##### Input for this task

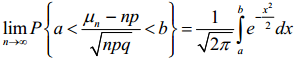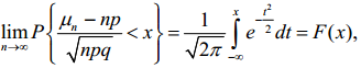 Нехай µn - кількість появ події А в n незалежних випробуваннях, в кожному з яких P(A) = p. Згідно з інтегральною теоремою Муавра-Лапласа
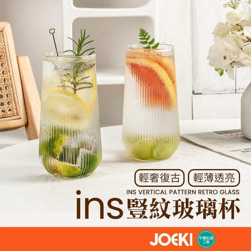 ins豎紋玻璃杯 條紋玻璃杯 耐熱 耐冷 高款玻璃杯 水杯 飲料杯 咖啡杯 復古杯 輕奢玻璃杯 玻璃杯【CC0514】
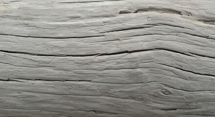 Gray driftwood closeup reveals weathered textured surface with cracks  subtle woodgrain
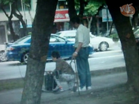 目擊者拍攝的畫面顯示,這名男子疑似陪老婦人進行復健,不過老婦人身上卻多出一條像是狗鏈的東西,畫面中只見男子任憑老婦人摔跤、爬起不斷重復動作,卻未曾想把老人扶起,讓目擊者不禁懷疑男子是否涉及虐待。
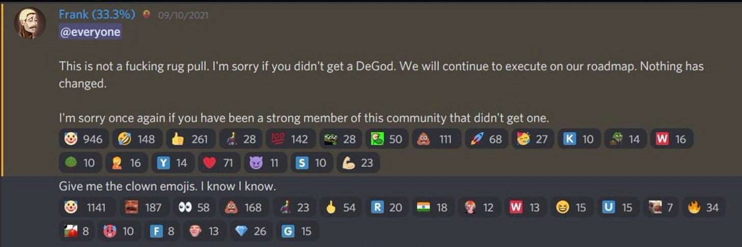 Frank has spoken DeGods into existence and success. Despite being undoxxed he is an incredibly public figure. Always attending interviews, podcasts, twitter spaces, parties, NFT centric irl events and the list goes on. It’s been a masterclass in marketing for anybody watching. He is constantly putting himself and DeGods into the limelight, and whether it’s good or bad attention it’s worked wonders for their fame and notoriety - I admire his work ethic and ability to put himself out there. To get an idea of what I mean, I’d suggest watching the quick promo video on the DeGods website. Featuring Gary Vee and IceCube it should give you a bit of an idea of what I’m talking about and their rise to stardom over the last year.
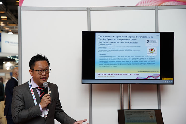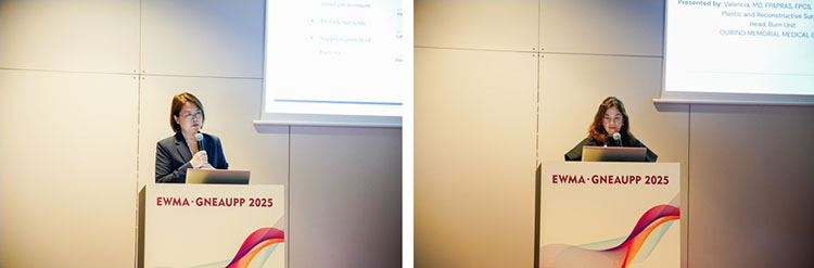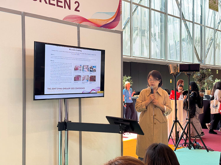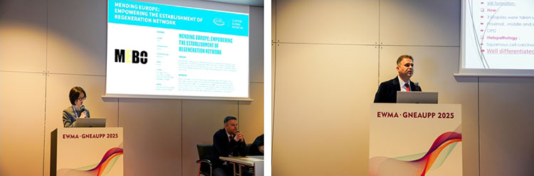 除展台的展示外,再生医疗技术更是在会议中掀起一次次学术浪潮。大会首日下午,题为“重塑创面治疗:从临床实践到技术创新”的再生医疗技术研讨会顺利召开。作为推动克林顿全球倡议(CGI)——“欧洲修复计划:赋能欧洲再生医疗网络构建”的又一关键活动,研讨会围绕再生医疗技术在急慢性创面中的创新应用展开讨论。来自沙特 Sulaiman Al Habib医疗集团外科的Ziad Dalloul首先分享了马乔林溃疡的临床管理策略,深入探讨了再生医疗技术在复杂创面中的应用及优势。随后,西安市第九医院烧伤整形科周小茜带来了应用自创微粒皮浆种植结合再生医疗技术治疗慢性创面的演讲,充分展示了该技术在促进慢性创面愈合中的优势。最后,来自菲律宾Quirino Memorial医疗中心烧伤科的Nikki Valencia分享了一项最新的系统回顾,全面证实了再生医疗技术在烧伤治疗中的综合疗效、安全性、疼痛缓解及感染预防方面的显著疗效。
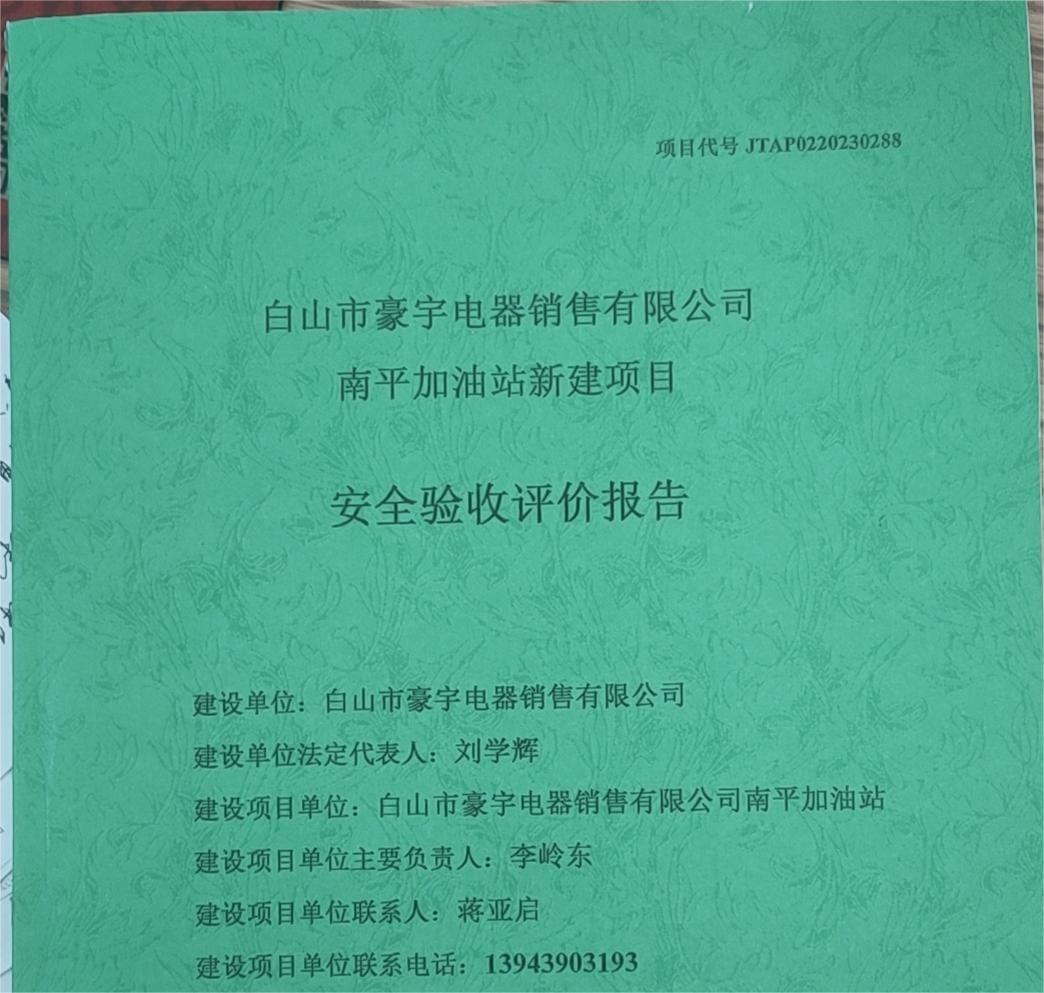 JTAP0220230288--白山市豪宇電器銷售有限公司南平加油站新建項(xiàng)目安全...
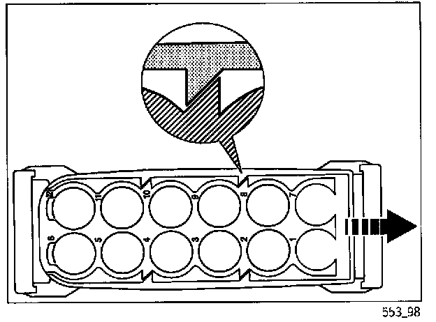 7. Unlock the secondary locking of the plug connection with a small screwdriver. Unlock both sides by inserting a small screwdriver and shift in the direction of the arrow. Figure shows secondary locking unlocked.

##########

Aim of the task – Make an exact copy of the records from their first line through the line containing "目擊者拍攝的畫面顯示,這名男", both ends included, with the pictures omitted.

Exercise answer –
 Нехай µn - кількість появ події А в n незалежних випробуваннях, в кожному з яких P(A) = p. Згідно з інтегральною теоремою Муавра-Лапласа
 ins豎紋玻璃杯 條紋玻璃杯 耐熱 耐冷 高款玻璃杯 水杯 飲料杯 咖啡杯 復古杯 輕奢玻璃杯 玻璃杯【CC0514】
 Gray driftwood closeup reveals weathered textured surface with cracks  subtle woodgrain
 目擊者拍攝的畫面顯示,這名男子疑似陪老婦人進行復健,不過老婦人身上卻多出一條像是狗鏈的東西,畫面中只見男子任憑老婦人摔跤、爬起不斷重復動作,卻未曾想把老人扶起,讓目擊者不禁懷疑男子是否涉及虐待。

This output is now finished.